WORK INSTRUCTIONS – Copy the listing verbatim, excluding any images found in it.

DATASET CONTENT –
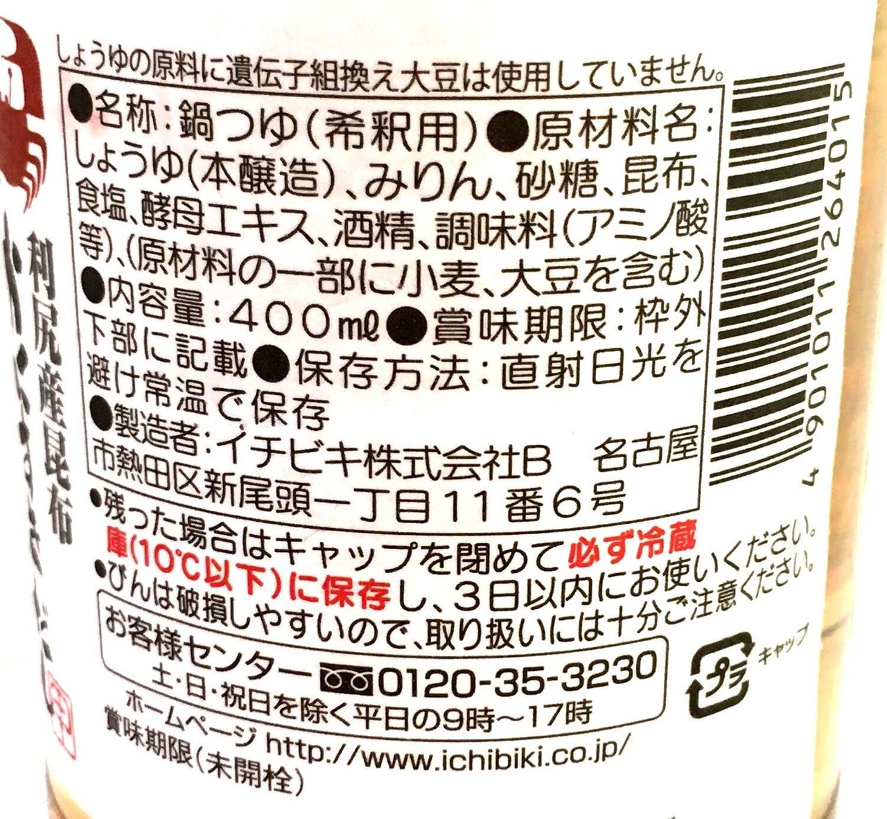 イチビキ かに料理専門店 甲羅本店 利尻産昆布 かにすきだし 3倍濃縮 400ml
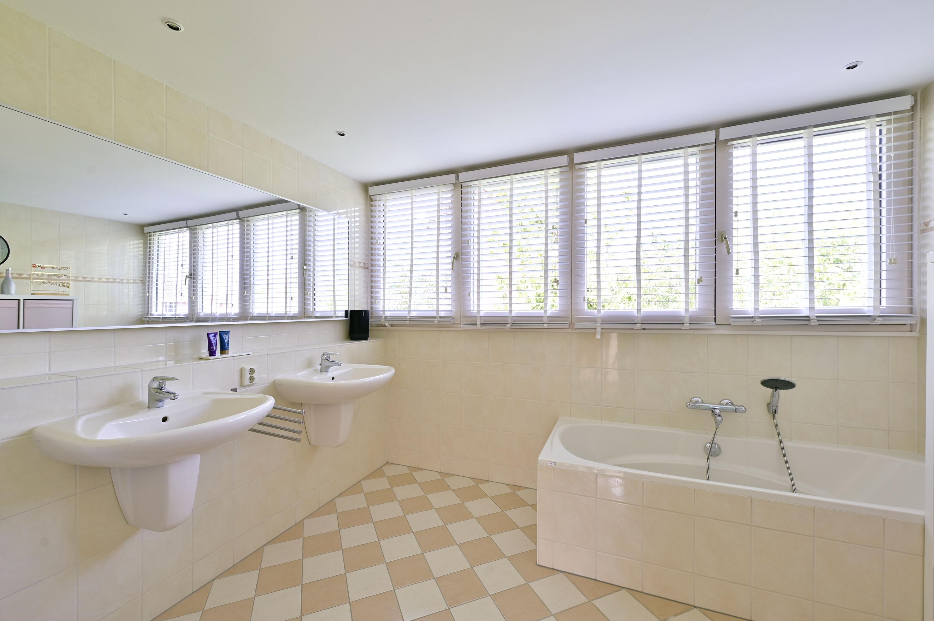 Next to the utility room is a spacious bedroom with air conditioning and an en-suite bathroom. This fully equipped bathroom features a bathtub with shower screen, toilet, and double washbasin — ideal as a master bedroom or for guests wanting ground-floor living. The entire ground floor is finished with beautiful natural stone flooring and underfloor heating for optimal comfort.
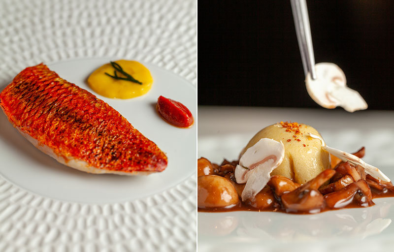 Imágenes superiores: vista general, el salmonete y la yema de huevo cubierta con velo de foie sobre cama de champiñón botón al oporto

RESPONSE –
 イチビキ かに料理専門店 甲羅本店 利尻産昆布 かにすきだし 3倍濃縮 400ml
 Next to the utility room is a spacious bedroom with air conditioning and an en-suite bathroom. This fully equipped bathroom features a bathtub with shower screen, toilet, and double washbasin — ideal as a master bedroom or for guests wanting ground-floor living. The entire ground floor is finished with beautiful natural stone flooring and underfloor heating for optimal comfort.
 Imágenes superiores: vista general, el salmonete y la yema de huevo cubierta con velo de foie sobre cama de champiñón botón al oporto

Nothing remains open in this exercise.